A day in the life of BBCi Search - part 6

 by Martin Belam, 27 March 2003

The value of a Taxonomy

As I mentioned, BBCi Search has a team constantly monitoring the search activity on the site, and attempting to match the searches being made with the best possible content available, both on the BBCi site and on the web as a whole.

This role is crucial for a site the size of bbc.co.uk with an index which consists of in excess of 2,500,000 documents, without including the BBC News and BBC Sport content. It is the only way that the language of the users can be mapped to the taxonomical conventions of the organisation.

One example of this is users searching on the BBCi Science site for information on 'planets'. A examination of the search terms used on the site shows that 'planets' is consistently one of the most used search terms. However the BBCi Science homepage does not feature the word 'planets' at all. The site has plenty of contents about the solar system, but it is described as 'solar system', and branded "Space", to tie in with a television programme broadcast some 18 months ago.

The consequence of this is that a search for 'planets' that relies purely on a technological word matching solution returns as it top results information about "The Blue Planet" television programme - ironically probably the one planet in the solar system the user was least likely to be wanting information about.

In the absence of search technology with a better semantic understanding of the English language, the only way to align the vocabulary of the site with the vocabulary of users is to intervene, by providing 'best bet' results that originate form a taxonomical mapping of the content of the BBC site. It is only a human who can look at the that search, within that context, and decide that it equates to an individual piece of web content that the search technology would otherwise fail to return.

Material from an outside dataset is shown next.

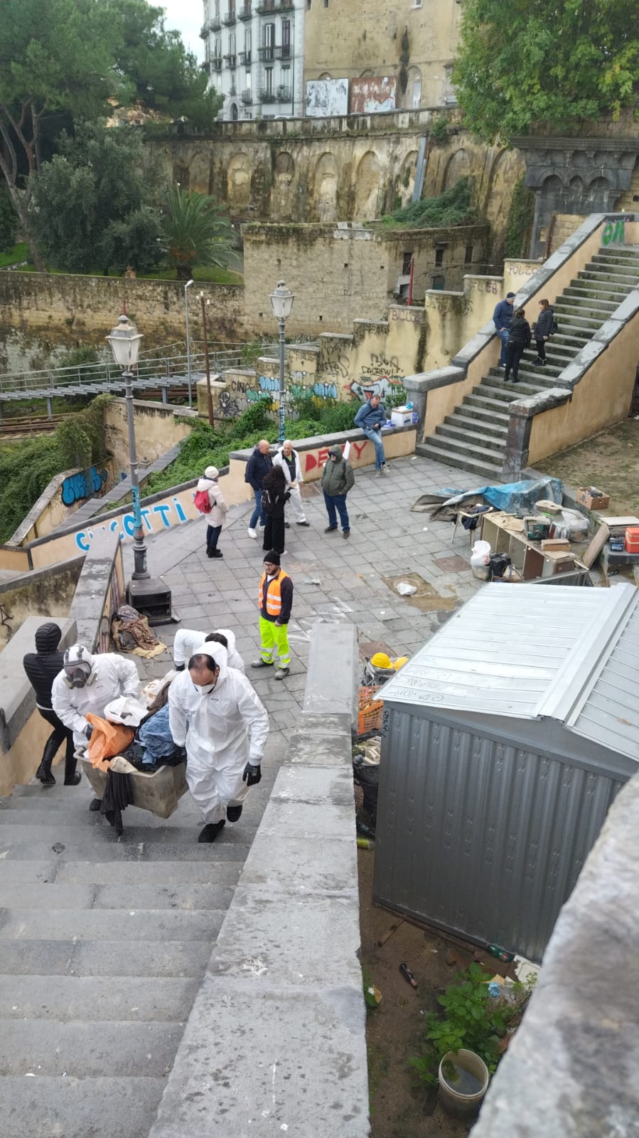 L’intervento si è reso necessario per far proseguire i lavori di rigenerazione e riqualificazione urbana delle scale di Montesanto, uno dei sei lotti del progetto "Città Verticale: riqualificazione dei percorsi pedonali tra le colline e il mare", coordinato dal Servizio Progetti e Gestione Grandi Parchi Urbani del Comune di Napoli.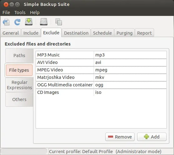 更进一步的是,你可以增加备份时排除文件的类型,像 mp3 和 avi 等等。在默认配置下,mp3, avi, mpeg, mkv, ogg 和 iso 是被排除不被备份的。如果你想备份这些文件,只要选中然后点击 remove。当然,如果要排除其他类型的文件,只需要点击 add 然后增加。

Another strong advantage of this system is the ability of the editorial team and taxonomists to assign new synonyms, best bet URLs, or change descriptions in real-time, in response to the actual recorded user behaviour.

A recent example of this was with the loss of the NASA Space Shuttle Columbia. The BBCi Search results pages include a news headline feed, if the query produces results from the BBC News or BBC Sport site that have been published within the last three days and cross a specific relevancy threshold. This worked fine if users were searching for "space shuttle" or "Columbia".

However we also saw, within three hours of the accident, that there had been a considerable rise in searches for the country "Colombia". Whilst it was conceivable that there was a simultaneous breaking news story about in Colombia, it was obvious that these were searches aimed at finding information about the space shuttle from users who were unaware of the correct name.

The result set they received was about the country, and did not produce any headlines about the space shuttle. Through the use of synonyming we were able to provide a result set that contained links to the latest news stories about the shuttle, even when people were unintentionally searching for the country. Again this is something that would be impossible with a reliance on technology alone.